Correlation Between State Farm and Aqr Long
Can any of the company-specific risk be diversified away by investing in both State Farm and Aqr Long at the same time? Although using a correlation coefficient on its own may not help to predict future stock returns, this module helps to understand the diversifiable risk of combining State Farm and Aqr Long into the same portfolio, which is an essential part of the fundamental portfolio management process.

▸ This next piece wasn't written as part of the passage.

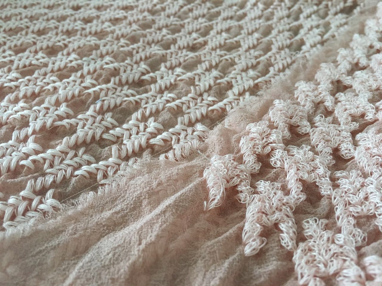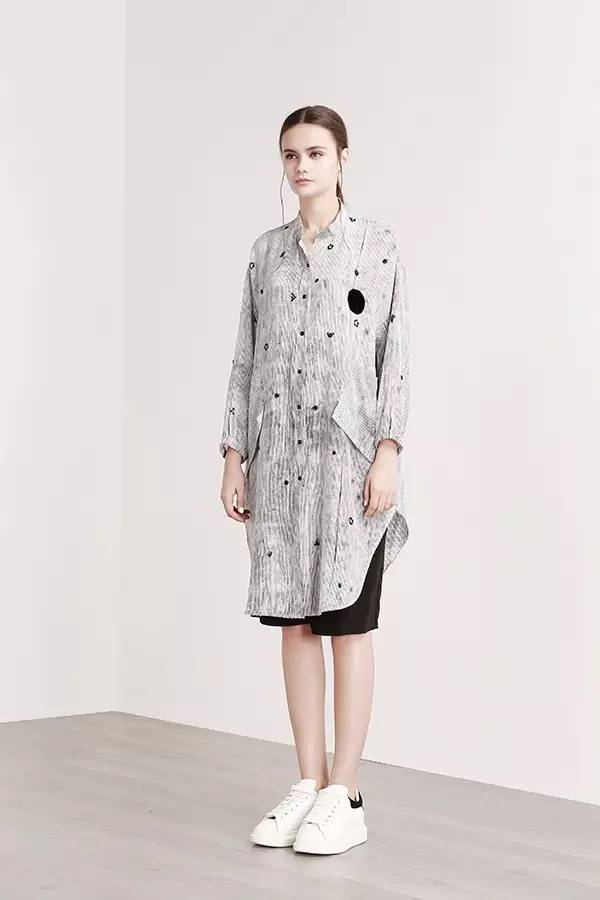 △张洁研发设计的一款面料,在乔其纱的面料上添加了绣花的工艺,平整的视觉上叠加了肌理感。

By analyzing existing cross correlation between State Farm Municipal and Aqr Long Short Equity, you can compare the effects of market volatilities on State Farm and Aqr Long and check how they will diversify away market risk if combined in the same portfolio for a given time horizon. You can also utilize pair trading strategies of matching a long position in State Farm with a short position of Aqr Long. Check out your portfolio center. Please also check ongoing floating volatility patterns of State Farm and Aqr Long.

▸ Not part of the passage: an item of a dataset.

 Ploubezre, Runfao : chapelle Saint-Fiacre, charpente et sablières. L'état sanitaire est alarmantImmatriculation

Diversification Opportunities for State Farm and Aqr Long
-0.31 | Correlation Coefficient |
Very good diversification
The 3 months correlation between State and Aqr is -0.31. Overlapping area represents the amount of risk that can be diversified away by holding State Farm Municipal and Aqr Long Short Equity in the same portfolio, assuming nothing else is changed. The correlation between historical prices or returns on Aqr Long Short and State Farm is a relative statistical measure of the degree to which these equity instruments tend to move together. The correlation coefficient measures the extent to which returns on State Farm Municipal are associated (or correlated) with Aqr Long. Values of the correlation coefficient range from -1 to +1, where. The correlation of zero (0) is possible when the price movement of Aqr Long Short has no effect on the direction of State Farm i.e., State Farm and Aqr Long go up and down completely randomly.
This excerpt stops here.